There she sits, marooned fetchingly atop Adam Driver's shoulders, in the middle of a New York pedestrian crossing, every inch the modern-day madcap Cinderella, complete with (hipster) handsome prince and fairytale footwear.
(See the full Vogue shoot here.)
The shoes are POA of course, and odds are I'm never getting anywhere near them, but so covetable are they, so magical, that the sight of them alone was enough to make my day, and make me forget all the sticky issues around the fact that a writer as smart as Lena Dunham let Vogue have their way with her, to the extent of tarting her up with Photoshop.
Well, maybe not quite forget it.
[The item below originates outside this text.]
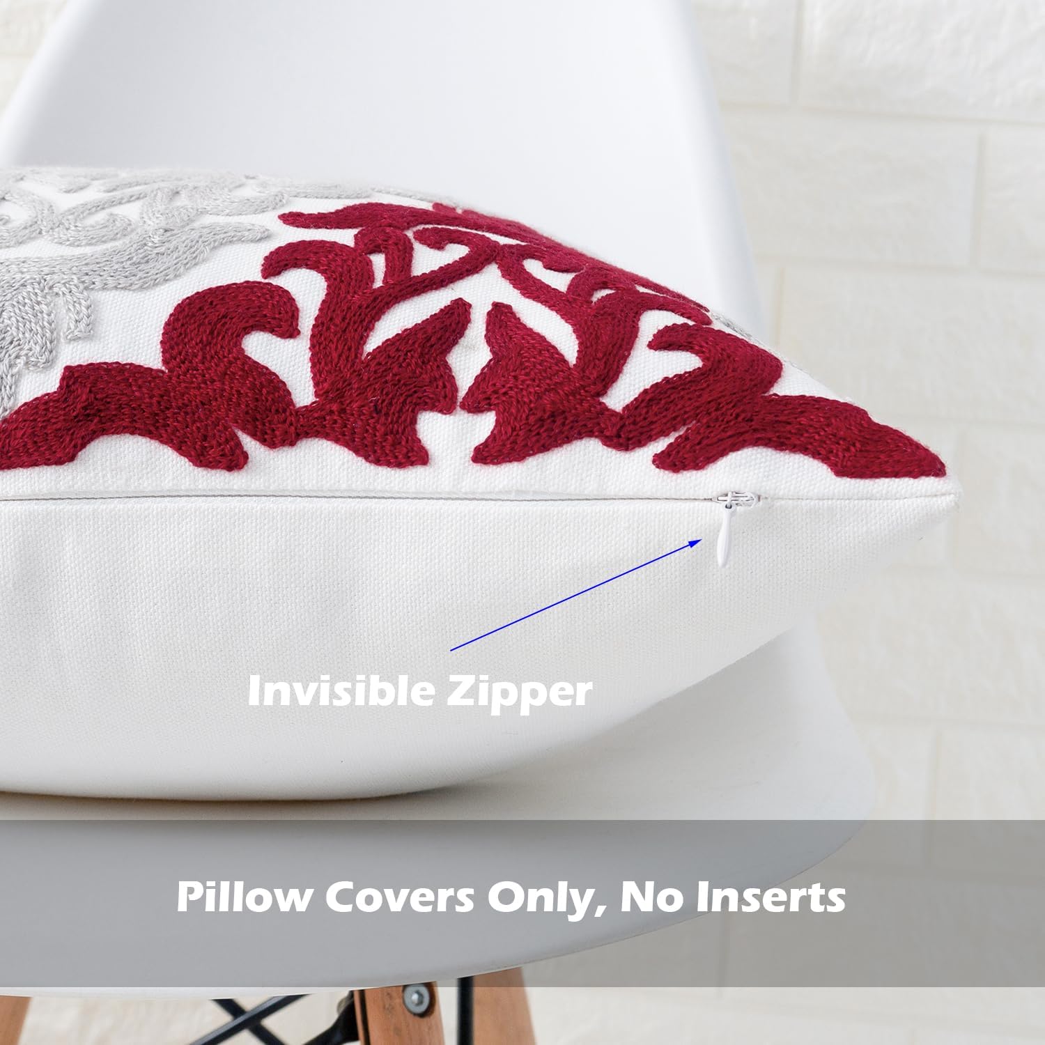 HWY 50 Burgundy Red Decorative Throw Pillow Covers 18x18 Inch (1 Piece), Embroidered Cotton Farmhouse Cushion Cover Pillow Case for Sofa Couch Living Room Bed Bedroon, Floral Geometric

Better to say the mules anaesthetised my disquiet. I know Lena's not your average cover girl. I know this because I've seen her naked, many times, in the TV show she created.
I know better than to take at face value her Vogue-generated sleekness. I know it's all smoke and mirrors. I knew all that, even before I heard Professor Peter Shand's fabulous deconstruction of glossy-magazine-makeovers in a talk he gave last week at Auckland Museum.
He focused particularly on the digital trickery that had been used on Lena. The way in which her chin was narrowed and her bosom was lifted. That she had been subjected to Photoshopping didn't surprise me, and worse than that even, I found it hard to get exercised about the issue on behalf of all women.
It was the mules, you see. I was thinking about how they'd look on me. Where I'd wear them, and how good it would be. How much they might conceivably cost me. Do Rochas do lay-by?
These are the questions I was asking myself, while Peter was explaining to his audience how Vogue turns us all into bad feminists and excellent consumers. It's case in point, I suppose, and a win for Anna Wintour that I was too distracted by Lena's shoes to care what Vogue are doing to her.
More than that, it's a win for market forces. Lena might have looked amazing, but it's Rochas who'll be laughing ultimately, when they sell out of their POA feathery mules on account of her endorsement.
Cui Bono, is the question. Who is the winner here? Is it Vogue, is it Rochas, is it Lena? I'll tell you one thing, I know who it isn't. It takes a definite bird-brain to devote a whole column to a pair of feathery slippers.